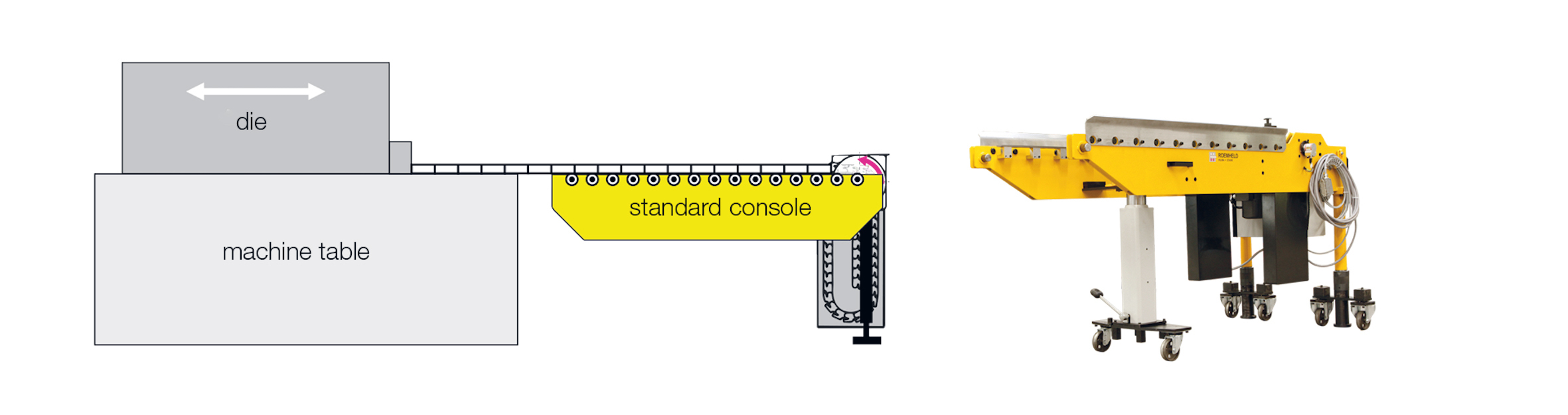 コンソールは、プッシュチェーン駆動による電気モーター駆動式で、特にコンパクトな設計となっており、低いプレスベッドやアクセスが困難な環境でも簡単に使用できます。 異なるプレス機に交互に設置でき、部分的にまたは完全に自動化されたプロセスにも簡単に統合できます。
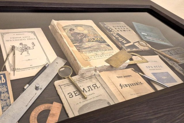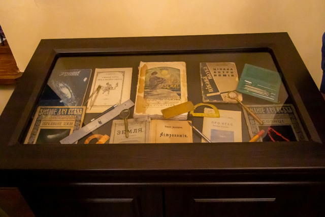 Основу экспозиции составила личная коллекция научного сотрудника университета Юрий Шевели, который уже более 40 лет коллекционирует все, что связано с астрономией, космонавтикой и научной фантастикой: оптические и измерительные приборы, микроскопы, нивелиры, теодолиты, кипрегели, астролябии, секстани угломеры, географические и звездные карты XVIII – начала XX века.
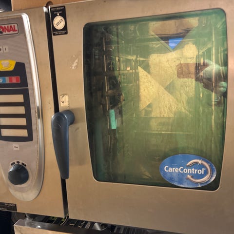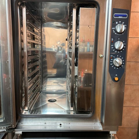 Rational kombiovn i rustfrit stål. Ovnen har frontbetjening med elektronisk panel i venstre side og manuel regulering nederst. Indvendigt er der flere riste og skinner til bageplader, egnet til professionel brug i storkøkken, bageri eller restaurant. Kabinettet er i rustfrit stål med glaslåge, så indholdet kan overvåges under tilberedning. Velegnet til tilberedning, bagning og opvarmning af større mængder mad i erhvervskøkkener.
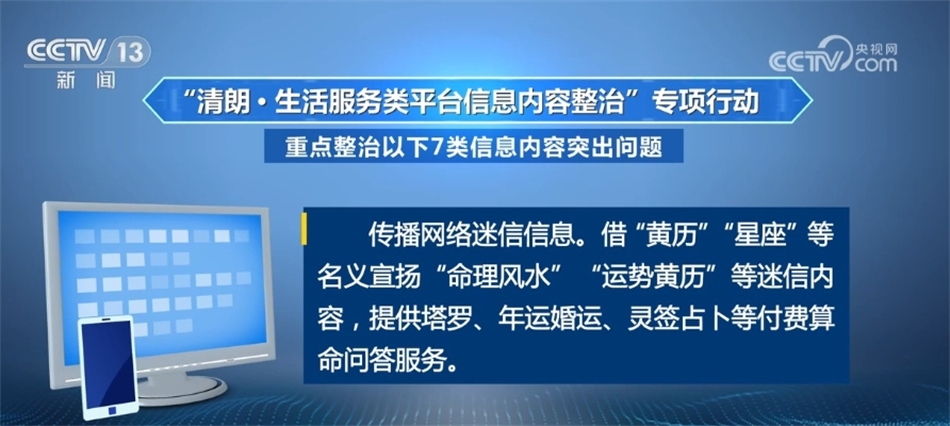 此次專項行動覆蓋團購評價、婚戀交友、搜索引擎、影視點評、天氣日歷、旅游出行、網(wǎng)絡(luò)購物、地圖導(dǎo)航、本地生活、運動健康、實用工具等各類生活服務(wù)平臺,重點整治以下7類信息內(nèi)容突出問題?! ?/p>
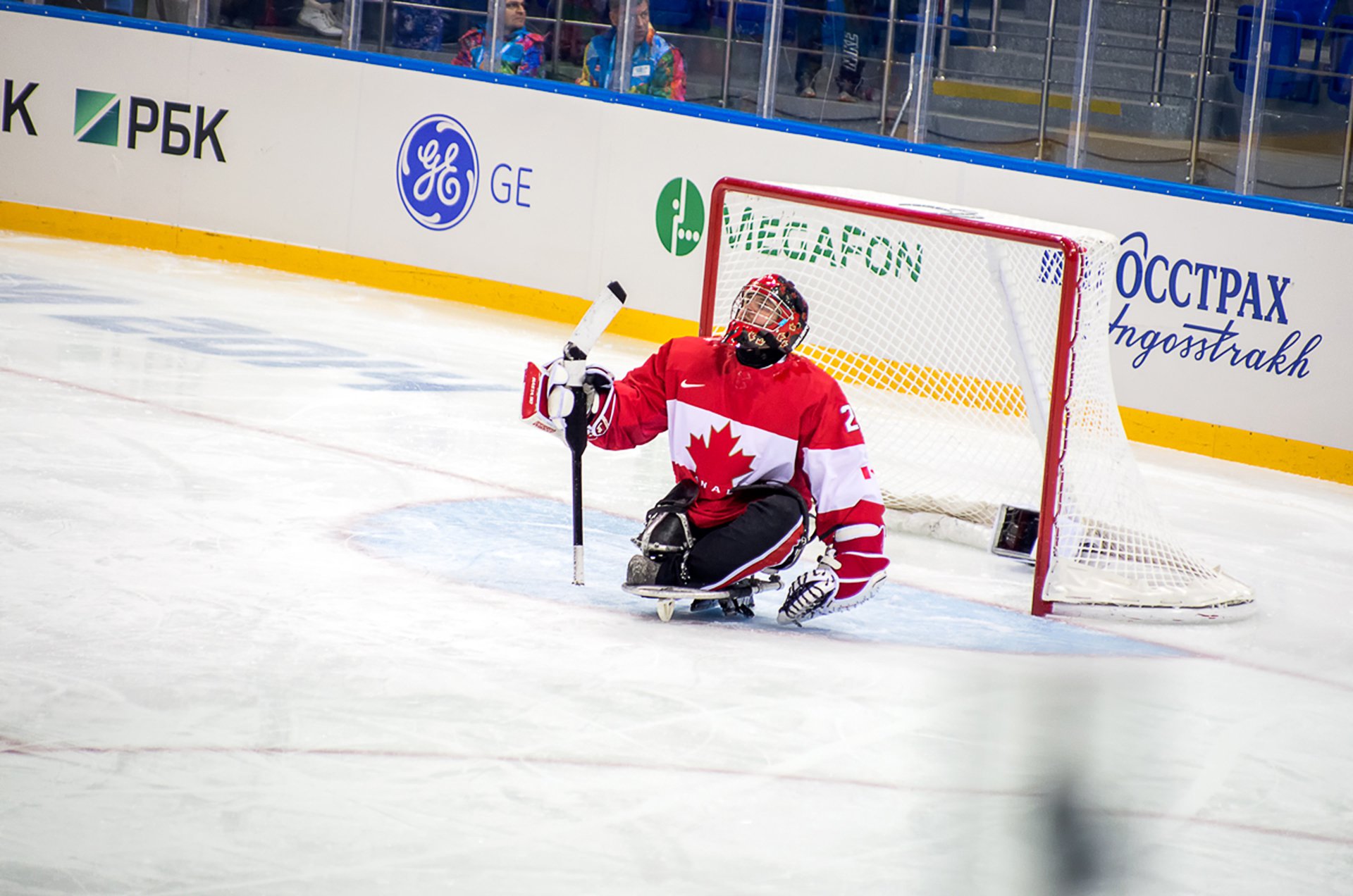 Голкипер сборной Канады по следж-хоккею, обыгравшей команду Норвегии в матче за третье место (3:0) на Паралимпийских играх в Сочи
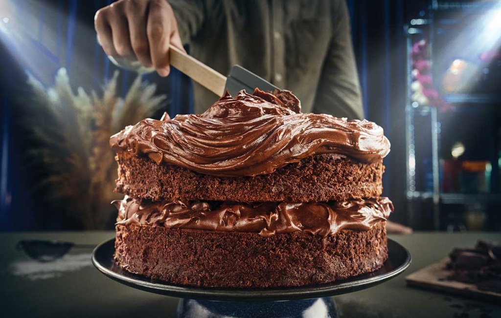 - Leave for about 45 minutes to 1 hour, whisking now and again — when you’re passing the mixing bowl — you are looking for a consistency that is soft but firm enough, so you can spread over the cake without it being too runny, then it is time to assemble the cake.

TRY IT:
All of the entries above should be duplicated exactly, except for the pictures.

EXERCISE OUTPUT:
 コンソールは、プッシュチェーン駆動による電気モーター駆動式で、特にコンパクトな設計となっており、低いプレスベッドやアクセスが困難な環境でも簡単に使用できます。 異なるプレス機に交互に設置でき、部分的にまたは完全に自動化されたプロセスにも簡単に統合できます。
 Основу экспозиции составила личная коллекция научного сотрудника университета Юрий Шевели, который уже более 40 лет коллекционирует все, что связано с астрономией, космонавтикой и научной фантастикой: оптические и измерительные приборы, микроскопы, нивелиры, теодолиты, кипрегели, астролябии, секстани угломеры, географические и звездные карты XVIII – начала XX века.
 Rational kombiovn i rustfrit stål. Ovnen har frontbetjening med elektronisk panel i venstre side og manuel regulering nederst. Indvendigt er der flere riste og skinner til bageplader, egnet til professionel brug i storkøkken, bageri eller restaurant. Kabinettet er i rustfrit stål med glaslåge, så indholdet kan overvåges under tilberedning. Velegnet til tilberedning, bagning og opvarmning af større mængder mad i erhvervskøkkener.
 此次專項行動覆蓋團購評價、婚戀交友、搜索引擎、影視點評、天氣日歷、旅游出行、網(wǎng)絡(luò)購物、地圖導(dǎo)航、本地生活、運動健康、實用工具等各類生活服務(wù)平臺,重點整治以下7類信息內(nèi)容突出問題?! ?/p>
 Голкипер сборной Канады по следж-хоккею, обыгравшей команду Норвегии в матче за третье место (3:0) на Паралимпийских играх в Сочи
 - Leave for about 45 minutes to 1 hour, whisking now and again — when you’re passing the mixing bowl — you are looking for a consistency that is soft but firm enough, so you can spread over the cake without it being too runny, then it is time to assemble the cake.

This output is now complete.